Net sales for the wholesale segment were $56.2 million for the second quarter of 2014 as compared to $53.9 million for the second quarter of 2013, an increase of $2.3 million or 4.3%. Wholesale shipments to the open market (outside the Bassett Home Furnishings store network) increased 17% and shipments to the Bassett Home Furnishings store network decreased by 4.0% compared to the prior year quarter. The Company continues to gain market share in the traditional furniture store channel as recent product offerings have been well received. Sales to the Bassett Home Furnishings store network have continued to be negatively impacted by slower business during the winter months from inclement weather along with overall softness in the demand for wood furniture. Gross margins for the wholesale segment were 33.9% for the second quarter of 2014 as compared to 32.6% for the second quarter of 2013. This increase was primarily due to improved margins in the upholstery operations with higher sales volumes providing greater leverage of fixed costs and higher wood margins due to less discounting of discontinued products. Wholesale SG&A increased $0.1 million to $14.8 million for the second quarter of 2014 as compared to $14.7 million for the second quarter of 2013. SG&A as a percentage of sales decreased to 26.3% as compared to 27.3% for the second quarter of 2013 due primarily to greater leverage of fixed costs from higher sales volumes coupled with tighter expense control. Operating income was $4.3 million or 7.6% of sales as compared to $2.8 million or 5.2% of sales in the prior year quarter.
"Upholstery division sales once again produced strong growth," continued Spilman. "Building on the trend for the past several quarters, upholstery sales grew by 8.1%. All of the increase was generated by products made in our domestic facilities, which continue to grow profitability as we leverage our fixed costs with higher levels of production. Last fall, we introduced the Bassett Express upholstery program designed to take market share in the open market and these products have begun to gain traction at retail. And, of course, our HGTV Design Studio assortment continues to perform well in the BHF store network as we promote the products and our custom capabilities on the HGTV national cable network.
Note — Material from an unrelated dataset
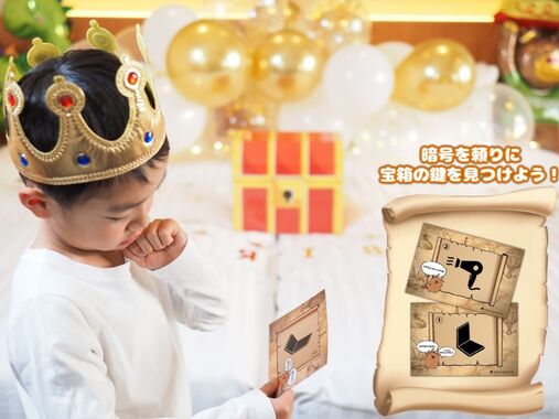 紙に書かれた暗号を辿り、お部屋の中に隠されたカギを探し出す、ドキドキわくわくトレジャーハント☆ 宝箱の中には、お宝(お菓子)がザクザク!!

"Our wood division experienced an overall sales decline of 3.1% despite strong growth in our domestic casual dining sales," added Spilman. "The expansion of our Martinsville, Virginia dining facility was completed in the second quarter and production is now underway. Our work schedules at the operation have been much more favorable this year which has allowed us to be more profitable. Imported wood casegoods sales have been challenged thus far in 2014 with the exception of our juvenile products. We continue to explore new products while monitoring our import inventory to provide high levels of service and to limit exposure to obsolescence. And, despite the ups and downs of the wood segment in the industry, we were able to modestly grow overall wood division profitability in the second quarter."
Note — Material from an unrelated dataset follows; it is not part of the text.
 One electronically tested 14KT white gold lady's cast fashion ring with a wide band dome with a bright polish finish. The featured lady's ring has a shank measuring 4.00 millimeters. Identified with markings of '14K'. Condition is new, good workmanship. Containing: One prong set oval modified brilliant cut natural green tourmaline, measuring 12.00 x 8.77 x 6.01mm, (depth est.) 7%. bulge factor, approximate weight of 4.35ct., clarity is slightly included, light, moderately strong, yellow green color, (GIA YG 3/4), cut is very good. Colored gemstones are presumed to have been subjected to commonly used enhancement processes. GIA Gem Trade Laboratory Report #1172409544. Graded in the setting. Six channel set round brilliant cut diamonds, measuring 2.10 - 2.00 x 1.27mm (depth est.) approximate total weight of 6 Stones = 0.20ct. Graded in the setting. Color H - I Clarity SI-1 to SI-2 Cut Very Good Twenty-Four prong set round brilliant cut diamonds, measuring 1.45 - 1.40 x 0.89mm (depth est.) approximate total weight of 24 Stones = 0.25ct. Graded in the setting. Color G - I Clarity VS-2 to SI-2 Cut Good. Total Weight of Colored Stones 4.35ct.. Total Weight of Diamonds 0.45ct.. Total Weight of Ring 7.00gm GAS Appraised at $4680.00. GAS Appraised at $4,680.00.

Net sales for the 60 Company-owned stores were $53.3 million for the second quarter of 2014 as compared to $51.5 million for the second quarter of 2013, an increase of $1.8 million or 3.5%. The increase was primarily due to higher non-comparable store sales as a result of opening 7 new stores in the last 12 months. Comparable store sales were essentially flat for the quarter.
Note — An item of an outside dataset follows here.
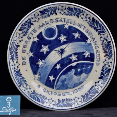 Sputnik. Blue & White Royal Delft Space Travel Plate - 4 October 1957

While the Company does not recognize sales until goods are delivered to the consumer, management tracks written sales (the retail dollar value of sales orders taken, rather than delivered) as a key store performance indicator. Written sales for comparable stores increased by 1.8% for the second quarter of 2014 as compared to the second quarter of 2013.
The consolidated retail operating loss for the second quarter of 2014 was $0.7 million, compared to income of $0.3 million in the second quarter of 2013. The 53 comparable stores generated operating income of $0.1 million for the quarter, or 0.3% of comparable store sales, as compared to $0.4 million or 0.8% of comparable store sales for the prior year quarter. Gross margins for comparable stores improved to 49.5% compared to 47.5% in the prior year quarter due primarily to improved pricing strategies implemented late in 2013. SG&A expenses for comparable stores increased $1.3 million to $24.5 million or 49.2% of sales as compared to 46.7% of sales for the second quarter of 2013. This increase is primarily due to planned increases in advertising, higher health care benefit costs and increased other overhead costs as the store network continues to grow. In addition, the Company incurred $0.2 million of overlapping rent incurred while two stores were in the process of being relocated. As with new store openings as described below, the Company begins to recognize rent expense at the date the Company takes possession of the store location. The Company will effectively recognize rent expense on both locations until the date that the previously existing store closes. The Company completed a relocation in Little Rock, Arkansas during the quarter and is in the process of relocating a store in Boston, Massachusetts which will be completed in the third quarter of 2014. The Company defines a store relocation as the closing of one store and opening of another store in the same market. Since there is no change in the store count for a specific market, the Company continues to include relocation costs as part of the comparable store operations.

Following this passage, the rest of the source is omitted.